Our team, which had worked months to play in a game like the Riordan contest, had no intention of losing.

And we didn’t. We beat the undefeated 27-0. Propelled out of the Power I, Ryan rushed for 195 yards.

Teammate Gene Clancy, who played tackle, sent me the clipping of a story Tim Gartner of the San Francisco Chronicle wrote the next week. It was headlined: “How SI Turned It Around.”

“I always knew we had the players,” Gartner quoted Haskell as saying. “And I knew they would never give up. Our season is almost over and the enthusiasm at practice is like it’s early in the season.”

Coach Haskell never gave up on us, and we never gave up on ourselves.

After routing Riordan, Haskell’s 1975 St. Ignatius Wildcats finished the season with wins over Sacred Heart, Serra and league champion Bellarmine. Kevin Ryan won the league rushing title despite playing running back in only 5 of 6 games.

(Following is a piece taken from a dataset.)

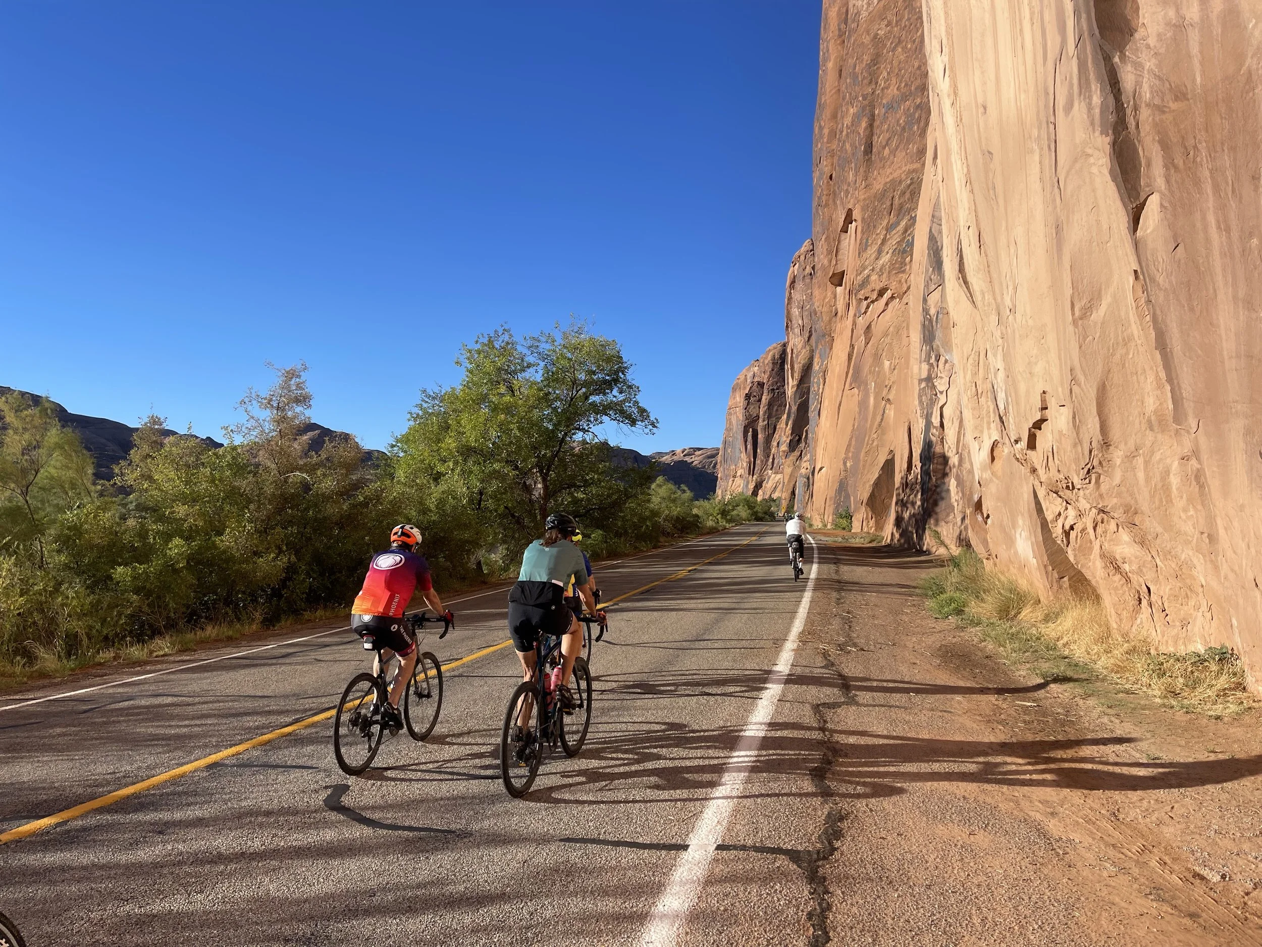 Lunch: Provided post route.Highway 279 is a favorite among local roadies because of its unbroken cadence. After passing through "The Portal," the Colorado River begins its cut through the impressive sandstone. The road meanders alongside the tranquil river and maintains a flat profile through some of the most astounding topography imaginable. Red rock walls rise hundreds of feet straight up from the shoulder of the road as it cuts tightly along the river. For miles, you'll spot rock climbers on the infamous “Wallstreet” and cycle past 1,000-year-old Anasazi petroglyphs carved in the ancient rock wall.

Haskell went on to serve in coaching positions in the NFL, going to two Super Bowls with the Green Bay Packers and one with the Seattle Seahawks.

He has now been nominated for the San Francisco Prep Hall of Fame.

My son recently found SI’s 1976 yearbook online and texted me a fragment of the football team photo. I told him the young man to the side of Haskell, a linebacker named Greg Suhr, went on to become San Francisco’s chief of police.

The whole photo would have included, among others, Kevin Ryan, who became U.S. attorney for San Francisco; Dennis Murphy, who commanded an attack submarine; Jim Shannon, who became an admiral; and Paul Tonelli, a Bay Area radio personality.

Looking back over more than 40 years, I am still grateful for the privilege of having played for such a coach and grateful for the lessons he taught me.

Gil Haskell is a Hall of Famer if there ever was one.